Homecoming
Once I had a fictional house that had many perfect rooms
Each perfect room required endless planning
A perfect chair, just so, lights there, great stairs, exquisite family heirlooms
A vague-faced perfect man gazing, loving, looking at me standing
Perfect grown-up gorgeous glamorous
Silhouetted against the perfect glow from the perfect light on my perfect landing
Children with perfectly old-fashioned names like Neville or Agnes
Playing sweetly with their perfect toys
In perfect sun-kissed, nursery-coloured brightness
This was a time before the rabbithole joys
Of perfect Pinterest fictions
Click-easy dreams, inner lives turned inside out to silent noise
Before I built a comforting construction
A perfect place for my dead girl to live, a home
In data, pixels, type, strangers’ attention
That was removed from imperfect flesh and bone
Something and nothing, just like her, where I was not alone
What has the internet meant to you since the death of your baby or babies? What would you have done without it?
jess |
Friday, February 8, 2013 

Reader Comments (11)
And knowing that there's hope. I've read of so many rainbow babies born since we lost Lauren. It gives us hope as we start our journey for a healthy, living baby. That hope is also an important part of this internet community, and sometimes, it's what keeps me going.
i distinctly remember searching 'stillborn baby'. it was the first time i had ever typed the word stillborn and probably didn't really know how to spell it. at that time, it was not easy to find support groups. i found some defunct blogs, some abandoned message boards, some difficult to access listsevr and aol groups, but no one ever answered me. it was very time consuming and very, very depressing. but finally after a month of trying, i found the mothering site and it was fairly active. to say it was a lifeline, a literal lifeline, is not an understatement.

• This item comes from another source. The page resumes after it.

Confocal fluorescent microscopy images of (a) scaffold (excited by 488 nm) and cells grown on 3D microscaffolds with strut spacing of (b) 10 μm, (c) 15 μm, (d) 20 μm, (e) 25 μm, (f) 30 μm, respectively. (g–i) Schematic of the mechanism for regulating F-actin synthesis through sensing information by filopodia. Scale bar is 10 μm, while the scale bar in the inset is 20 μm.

i had a great grief therapist, and we found her very soon... i think just a week after coral died. i can remember being worried that i might bleed on her therapist couch from being so heavy into postpartum. she helped immensely, she gave us professional tools to deal with our grieving, and they worked. a warm human being who understood our pain and guided us thru the worst time in our life, there is no substitute for that. however,
there is nothing like the words and experience and companionship of another parent who has lost a baby. online or not. it just so happens that the hospital-sponsored support group was sparsely attended, and while we made a great connection with their therapist, it was ONLY online that i found true connection with other moms.

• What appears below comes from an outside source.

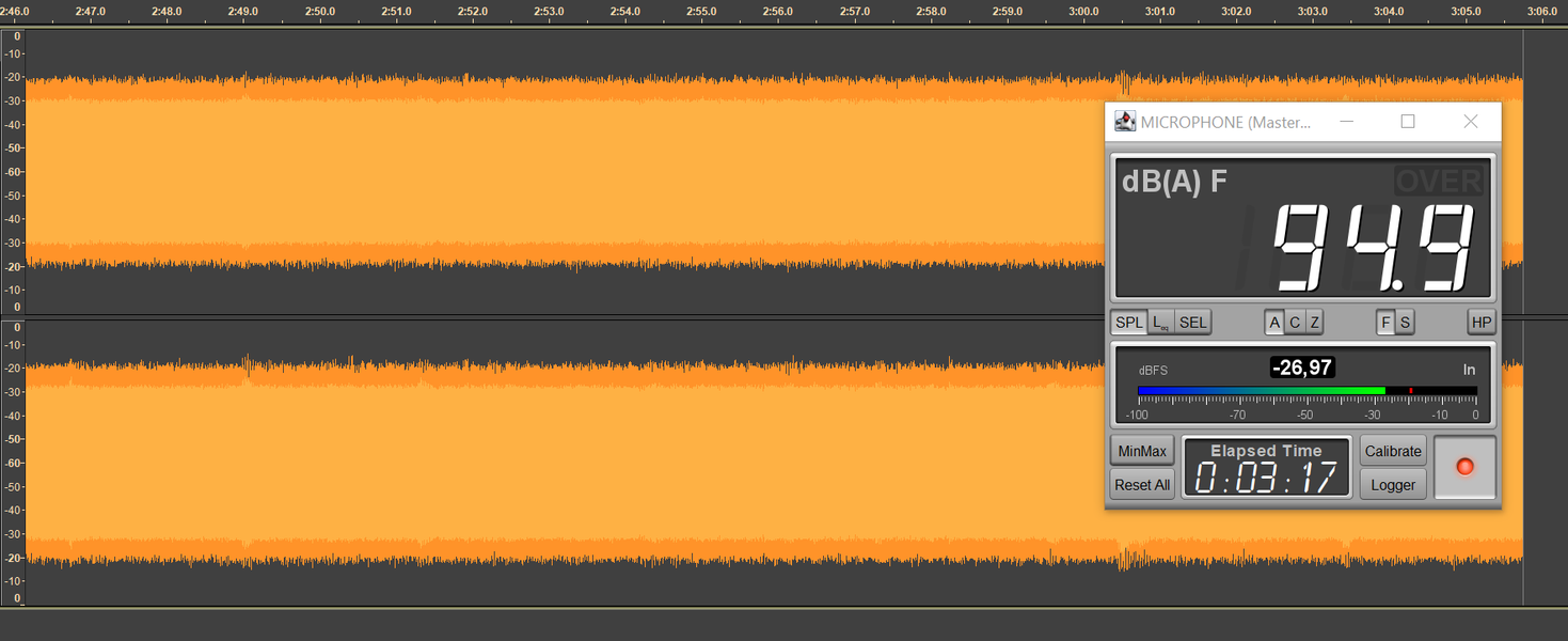 Вкратце напомним нашу методику тестирования автономности беспроводных наушников. Безопасным уровнем звукового давления при прослушивании музыки считается 75 дБ, но на практике большинство слушателей предпочитает уровень 90-100 дБ. Мы транслируем в наушники белый шум, фиксируя уровень SPL в районе 95 дБ, сразу после старта воспроизведения запускаем запись сигнала с измерительного стенда — по длине получившегося трека легко понять, сколько проработал каждый из наушников.

if i hadn't found the mothering site, i don't know what would have happened. i guess i would have muddled thru. there was a small group of women who branched off of that site into a private forum or about 20 women, and we are still in touch, 8 years later. they saved me. i lost another baby, my anton, long after they had all had their subsequent children, and i have never experienced the kind of love and support that they gave me when that happened, it literally kept me from doing myself in... these are women who i only knew online, and of the 20, only met one of them once.
maybe i am weird, i still come for support, and to try to give support. it has been a long time. almost 8 years for coral and 4 for anton, but i check in on the same old bookmarks every day.

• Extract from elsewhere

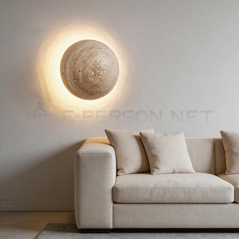 Luxury Round Travertine Wall Light Natural Stone Decorative LED Wall Lamp

jess, your poem is incredible. the last four lines move me deeply. thank you so much for sharing this.
All the online support helped me see how sadly common this is, how it is a hard, tragic part of natural life.
I'm so grateful to everyone who has been brave and generous and helped me this first month xxx
I feel that I don't really belong here but I simply don't have anywhere else to go, I haven't found anywhere else to replace it. Nowhere else to sit and cry. Or laugh that strange, clear laughter that the real world would find too dark, too strange. Perhaps it is simply a habit and I just pop through here on my way to Ebay? Sometimes the internet feels like a sifting mechanism that sorts us into ever smaller piles, swirling communities that embrace you and then disperse once more.
But I wouldn't be without it, not for worlds. The chances of finding anybody whose experiences of first time motherhood even vaguely resembled mine would have been vanishingly slight without it. And it is such a blessed relief not to have to pretend, that everything is fixed and I'm fine, which becomes so exhausting.
This place, the fine filaments of emails stretching out across the world from people I've never met and probably never will, where I can chuck things out of my brain that would otherwise fester in there, ungainly and ill thought out as they may be, can be stuck out here. Very fortunate to live in these times and to be able to read the words of all of you here.
For a year the Internet was everything for me in my loss.
Now it's practically nothing, but for a few friends that I was able to carve out of the ashes.
For such a time.
J
Honestly, I kind of dropped out of the online world for the first year or so, mostly because I had no knowledge that places like this existed. It was all angels and spirits and whatever else that I'd seen. It wasn't until, about a year and a half after Roxy died, that my friend Faith informed me that an old high school friend of hers had just had just lost a daughter, and her friend was writing about it in a way she thought I might relate to. That turned out to be Angie. Angie's writing, with all it's bare-knuckle honesty and heart, brought me back into this internet world, and made me feel brave enough to talk about my own loss, which I hadn't really been doing.